1. De Fransen zullen je niet vertellen dat "je een beetje ver gaat" … ze zullen je vertellen dat je "oma niet in brandnetel moet duwen" (Faut pas pousser mémé dans les orties).
2. De Fransen zijn niet "gek" … ze "spelen jojo met de koffiepot" (Yoyoter de la cafetière).
3. De Fransen 'liegen niet' … ze 'laten iemand slangen slikken' (Faire avaler des couleuvres à quelqu'un).
4. De Fransen zijn niet "dood" … ze "eten paardenbloemen van de wortel" (Manger les pissenlits par la racine).
5. Een Fransman is niet "naïef" … ze laten "hun wol opeten terwijl het nog op hun rug ligt" (Se faire manger la laine sur le dos).

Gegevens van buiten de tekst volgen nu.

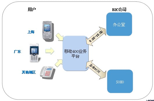 移动400业务是中国移动为集团客户提供的一种通信费用由主被叫共同承担的业务,该业务为企业提供全国统一的4001号码,可实现把对该号码的呼叫接转至事先设定的电话号码或呼叫中心上,并由主叫方承担本地通话费或漫游通话费,企业按主叫用户实际发话位置及呼入时长支付本地或长途通信费。移动400业务在提供语音服务的基础上,还增加了短/彩信互动、虚拟呼叫中心、客户关系管理等应用服务,帮助企业打造营销宣传和客户服务的综合接入门户。
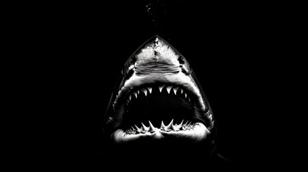 A striking black and white image of a shark with jaws wide open, showcasing its formidable teeth as it rises from the shadows of the ocean depths.

6. De Fransen zullen niet zeggen dat iemand “vrijheden neemt”… ze zullen zeggen “we hebben niet samen voor de varkens gezorgd” (op een pas gardé les cochons ensemble).
7. De Fransen zijn niet "dapper" … hun "ogen zijn niet koud" (Ne pas avoir froid aux yeux).
8. De Fransen zullen je niet vertellen dat je werk "waardeloos" is … ze zullen beleefd zeggen dat het "geitenpoep" is (C'est de la crotte de bique).
9. De Fransen "praten niet achter je rug" … ze "breken suiker" erop (Casser du sucre sur le dos de quelqu'un).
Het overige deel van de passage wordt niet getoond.